Secondly the book omits changes in "social thought," measurable in two respects. The simplest is the recognized profession of social worker, which did not exist when L'Enfant laid out Washington. The other is housing for the poorest classes, and where responsibility for this housing was agreed to lie. In 1800 this was an exclusively private matter, whether of the poor tenant or the profit-seeking landlord, and no business of the state: in the early 20th century the housing of the poorest classes became a public responsibility, and thus the political business of city governments and national governments. Relph mentions this only in the postwar years and mainly when discussing the architecture (and unlivability) of high-rise public housing built in the 1960s. He does not consider why some cities had slums and others did not, although this was at least after 1945 an important political topic, about which municipal politicians differed -- with visible consequences in their different cities.
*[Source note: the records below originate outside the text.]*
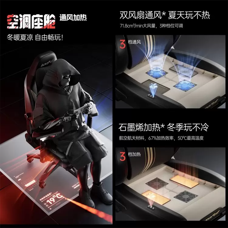 空调座舱将空调的控温功能创意性地引入电竞椅,通过加热和冷却元件实现温度控制。座椅内置双风扇,在最高档时可将座垫温度降低56%,按下通风按钮,每分钟可排出71.8平方厘米的空气流量,驱散长时间游戏的闷热不适。冬天也不用担心,坐垫内部采用航空航天材料——石墨烯,可将整体温度提高约67%,最高温度可达50°C。座垫内采用航空航天材料——石墨烯,能够将整体温度提高至约67%,最高可达50°C。按下加热按钮,石墨烯迅速发热,为您在寒冷的冬季提供舒适的温暖体验。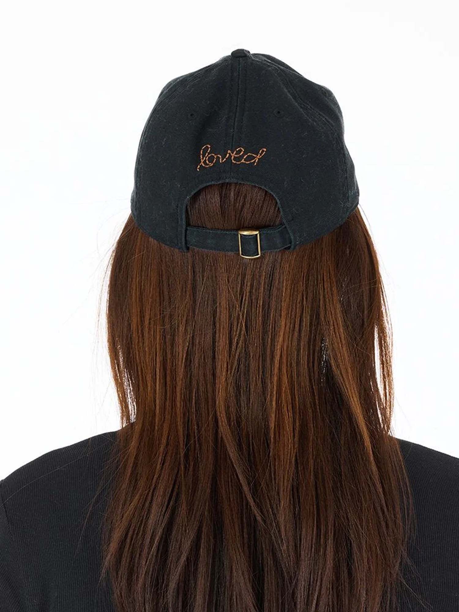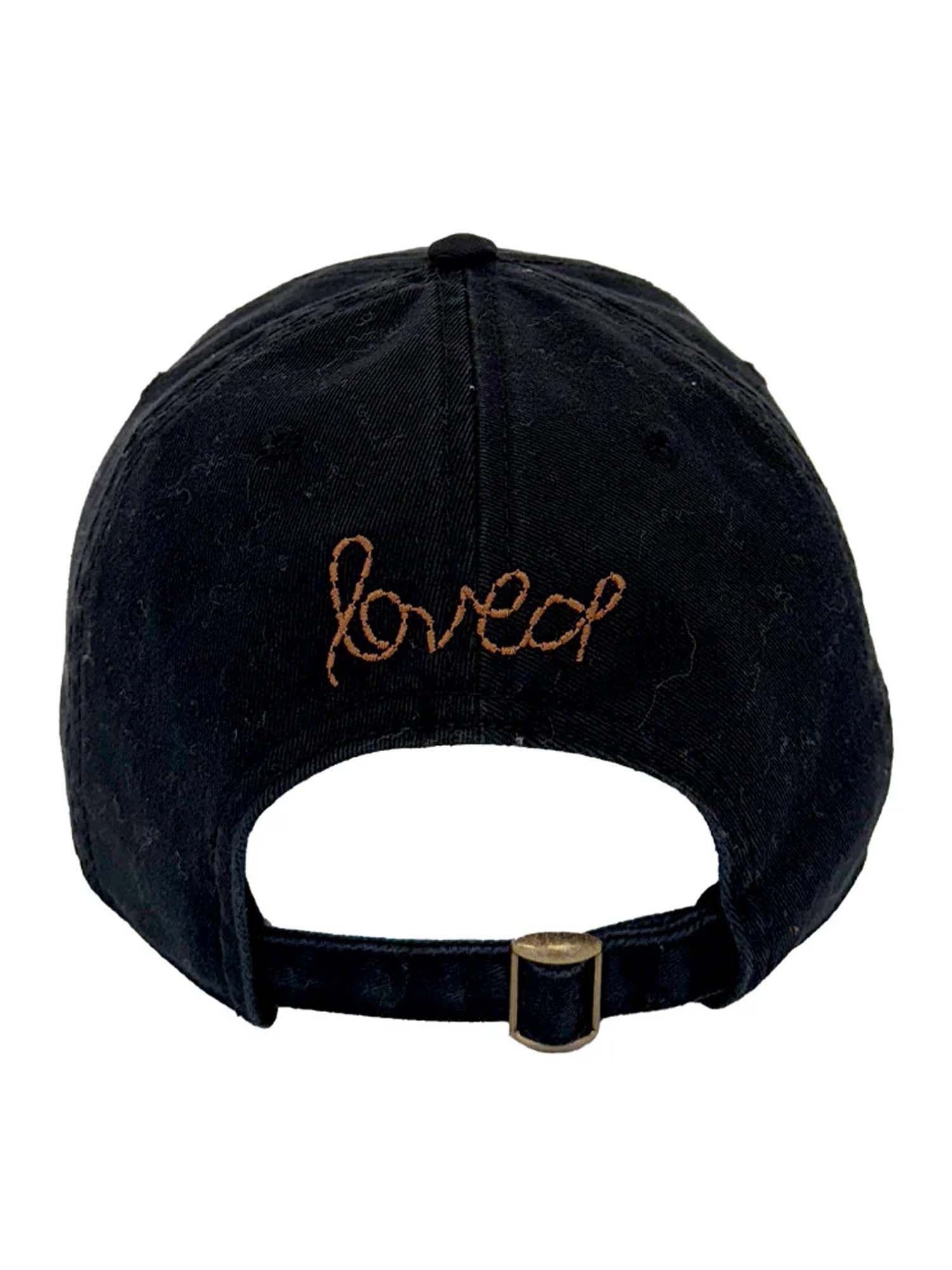 KR's Imperfect Heart Hat, made from cotton-twill in black with Kerri's Imperfect Heart patch in saddle leather, on the front and her embroidered 'loved' over the adjustable tab at the back. It'll make any outfit you style it with look effortlessly cool.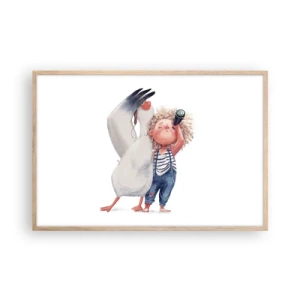 Bild auf Leinwand - Leinwandbild - Illustration eines Kindes mit einem Pelikan und einem Teleskop in der Hand - 70x100cm - Toller Reiseplan - Moderne Wanddekoration für Wohnzimmer und Schlafzimmer ARTTOR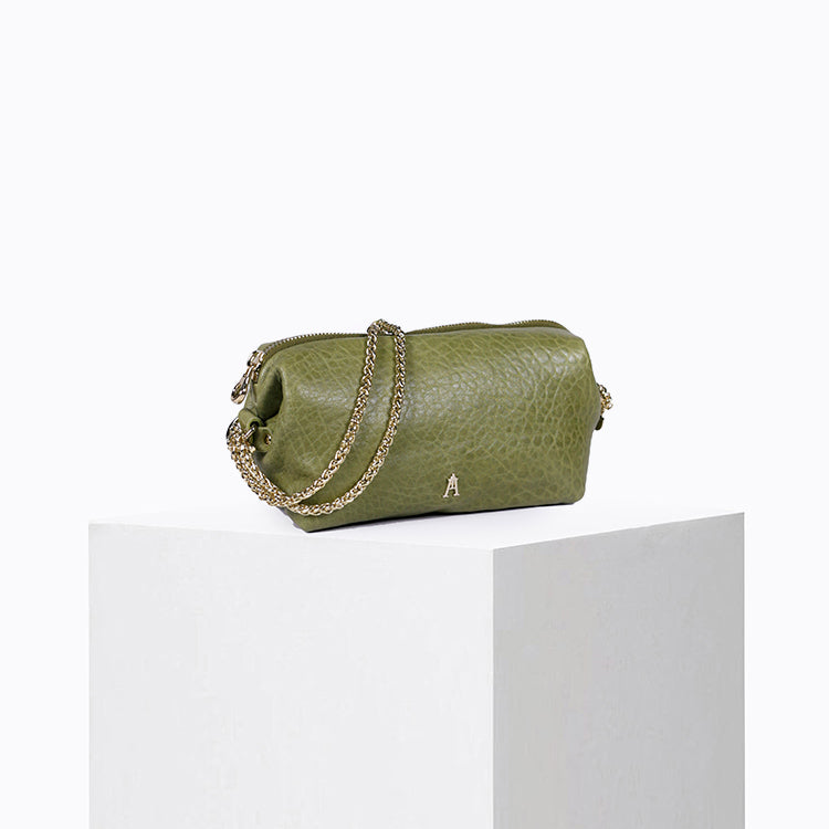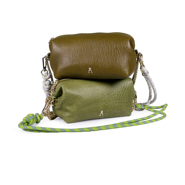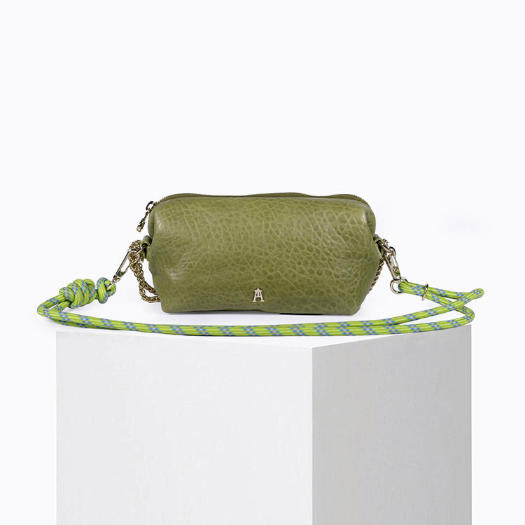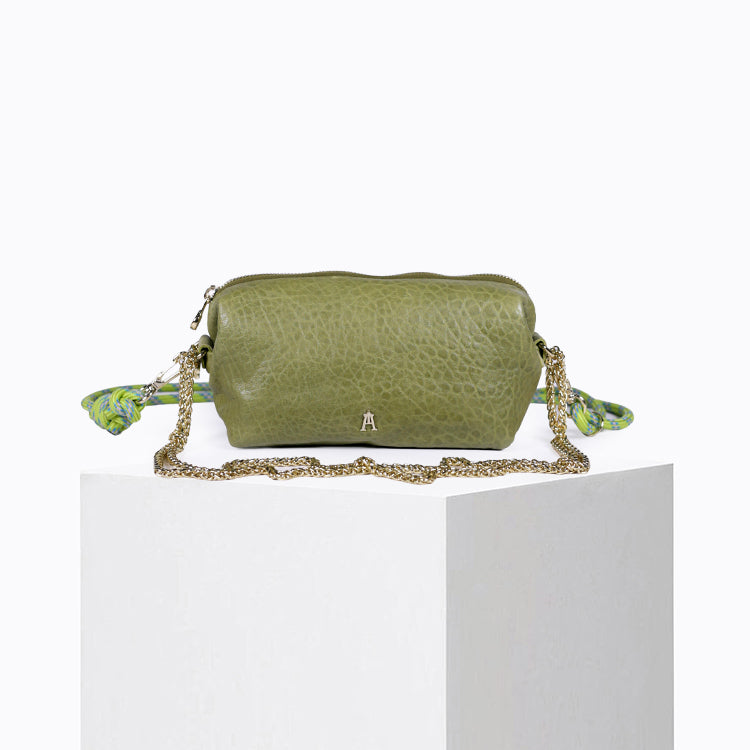 La Pochette Nuage Bubble Amande est un mini sac en cuir modulable, pensé pour accompagner le quotidien avec style et légèreté. Réalisée en cuir d’agneau bubble coloris vert amande, naturellement bullé, chaque pièce est unique et révèle une texture souple au caractère authentique.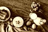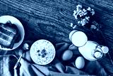 Dairy products on dark wooden table. Sour cream, milk, cheese, egg and Toasts. Top view with copy space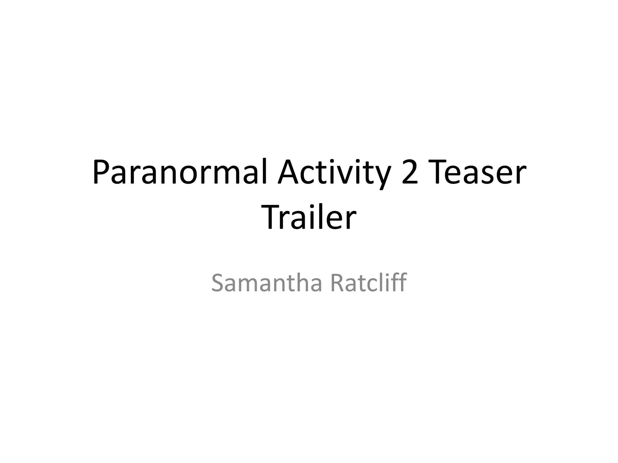 This document provides an analysis and summary of the teaser trailer for Paranormal Activity 2. The trailer uses techniques like blackouts, loud bangs and realistic documentary-style filming to startle audiences and build tension. It also includes clips from the first film to remind existing fans and intrigue new viewers. Dark colors and low tones throughout maintain an unsettling atmosphere. Shots of a house and its empty rooms hint at the film's storyline while leaving audiences wanting more information. The trailer effectively engages audiences through its unnerving style and suspenseful glimpses at the plot.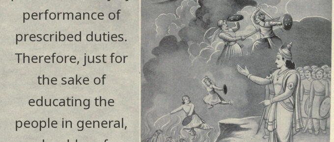 कर्मणैव हि संसिद्धिमास्थिता जनकादय: |लोकसंग्रहमेवापि सम्पश्यन्कर्तुमर्हसि || 20|| karmaṇaiva hi sansiddhim āsthitā janakādayaḥloka-saṅgraham evāpi sampaśhyan kartum arhasi karmaṇā—by the …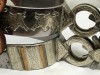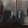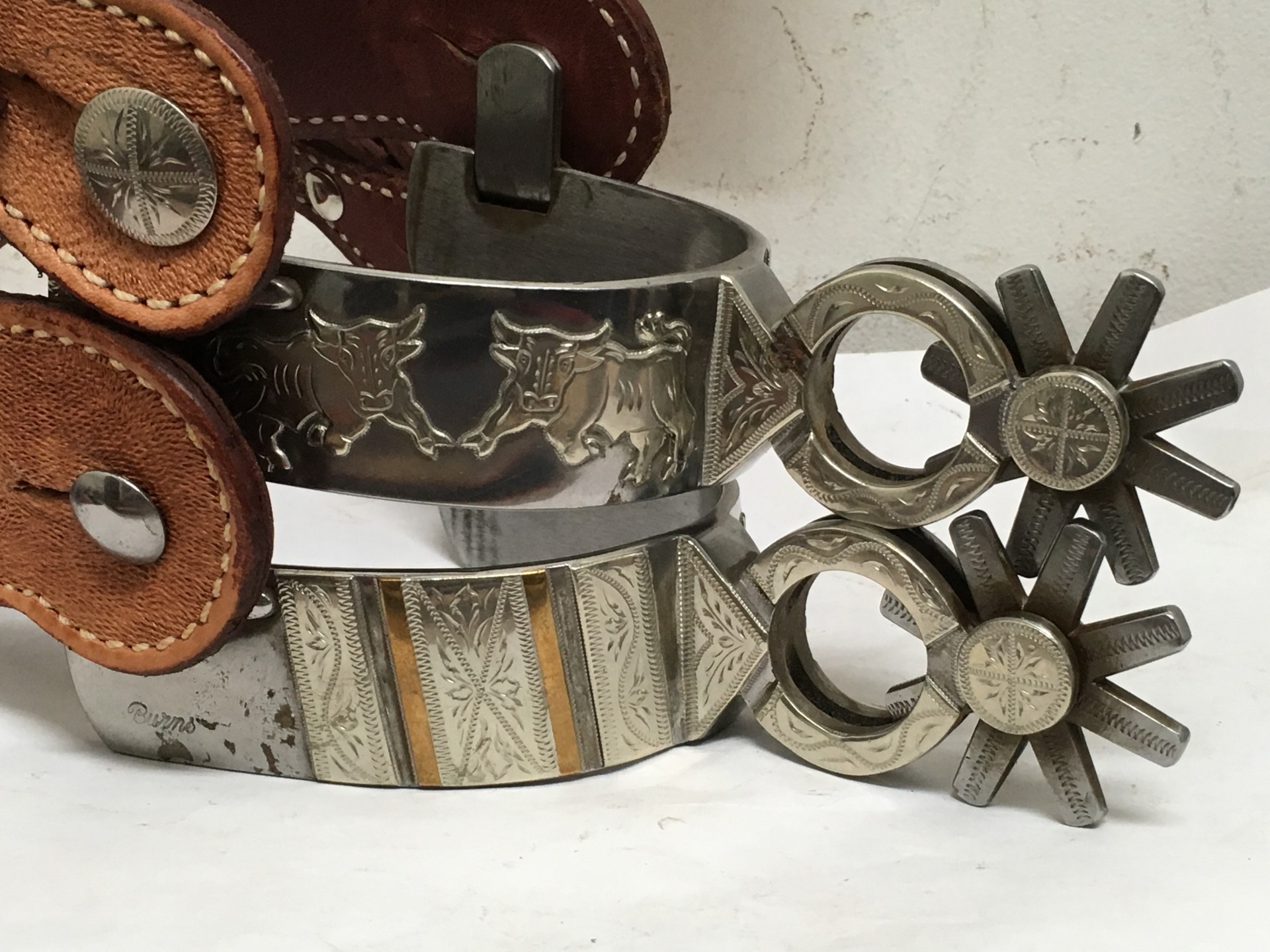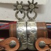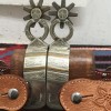 Hardly ever does one seel a pair of Burns Chihuahua style spurs, especially for sale and in unworn condition. This pair has good leathers, his fine detailed work, engraved 1 1/2" rowels, 3 1/2" heel openings that can be closed a little, 2 5/16" shanks, 1 1/4" bands. Much cut out silver work on this pair. Just a little rust has started. We pay shipping within the 48 states and accept most forms of payment.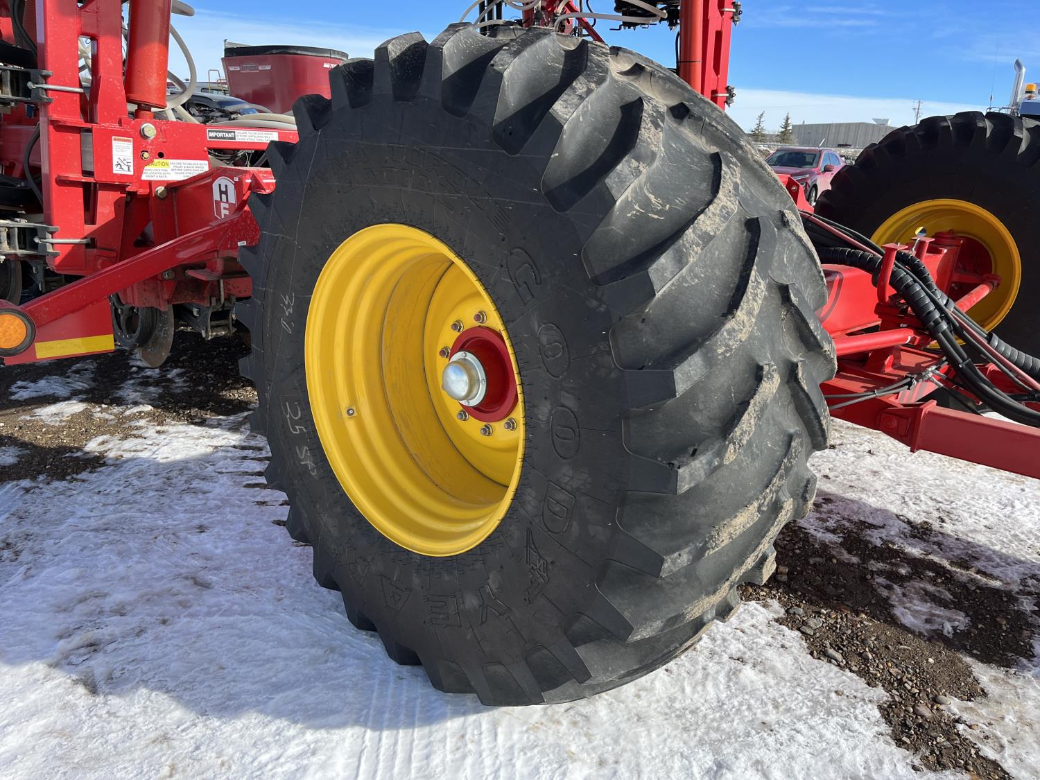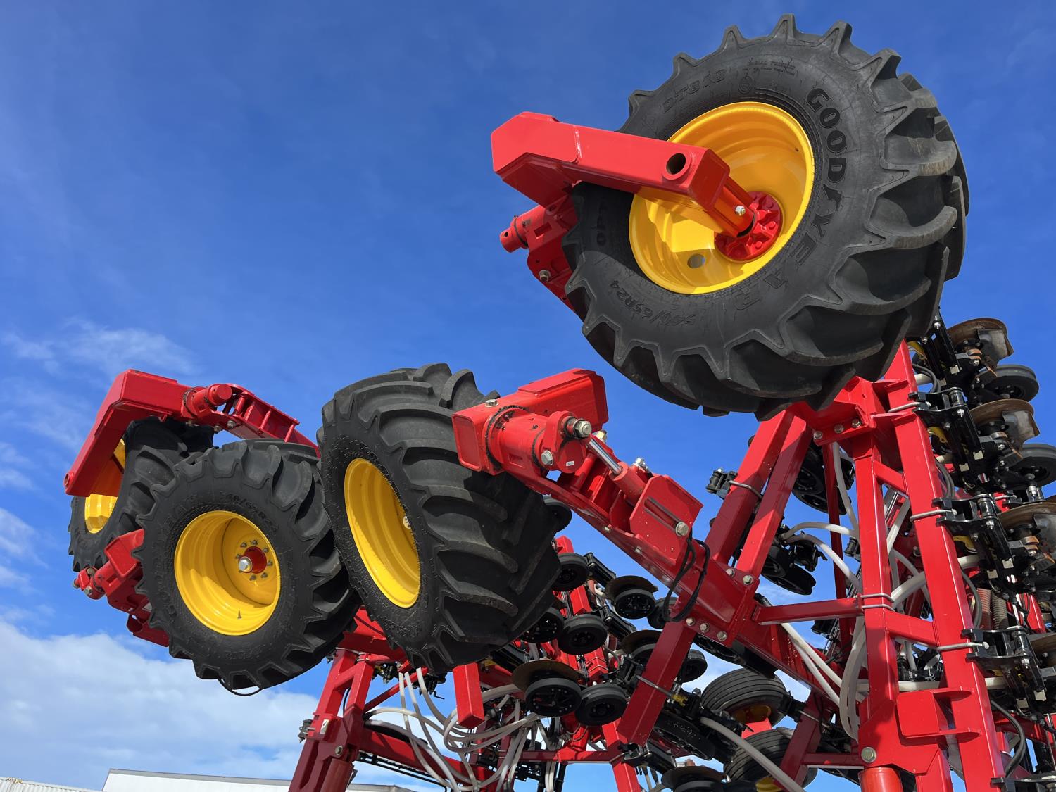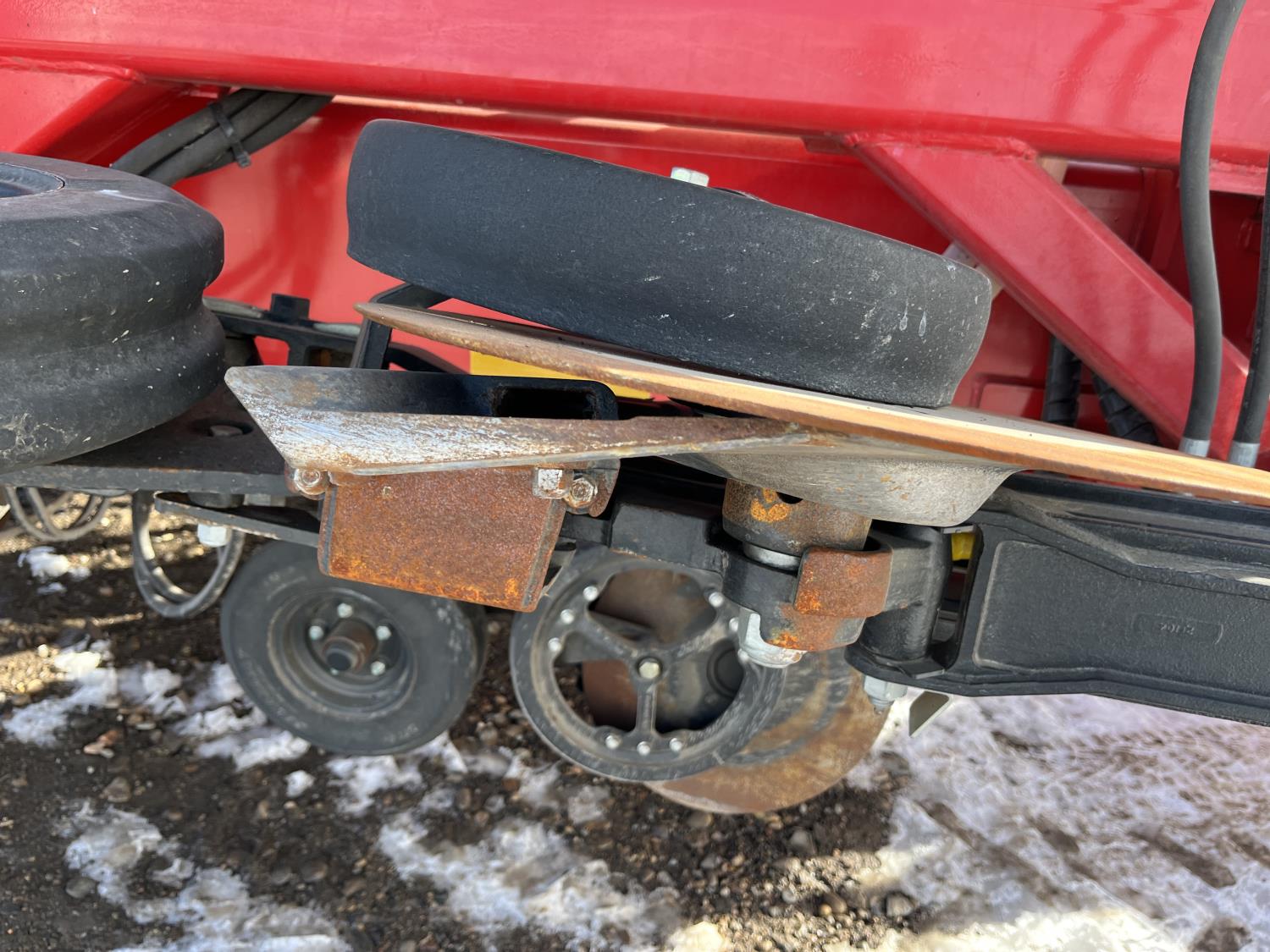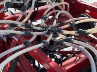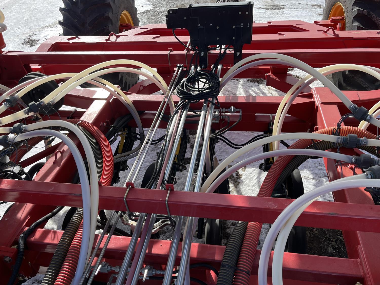 12 inch spacing, double shoot openers, 4.5 inch rubber packers, blockage sensors, Drill control monitors, Novlan Bros disc wing scrapers, 800/65R32 front tires, 16.5L-16.1FI rear tires, 540/65R24 wing tires, Ipad with blockage sensor software included, was paired with tow behind New Holland P4760 Air Cart, 9000 acres seeded

This reader is biased because my very first job was as an office boy in the library of the Architectural Association, one of the two rival architectural schools in London in the 1950s; and, being bookish, I read a lot as well as listened to what the influential teachers said. They were besotted with theory (principally the doctrines of Le Corbusier, an author not technically qualified as an architect, who wrote much more about buildings and cities than he actually built.) This book (produced early in the author's career) is similarly oriented more to the (truly fascinating) library about architecture than to the actual cities the author then new, and notably not to those authors (notably Lewis Mumford, but they go back as far as the Romans) who earlier attempted to tell us why cities developed and how they came to be so different. Relph was writing just when the postwar builders began to admit many of their prewar theories failed in practice: but there was then no literature that matched the prewar publications but proposed anything different. He cites Jane Jacobs (1961) but she told us what failed, and why, without attempting to tell us what might both tackle contemporary problems and generate a livable or lively city.
If this can be written, it would probably have to reckon with both the economics and the politics of building today: and experts in these topics (if there are any) seem not to have time to write books.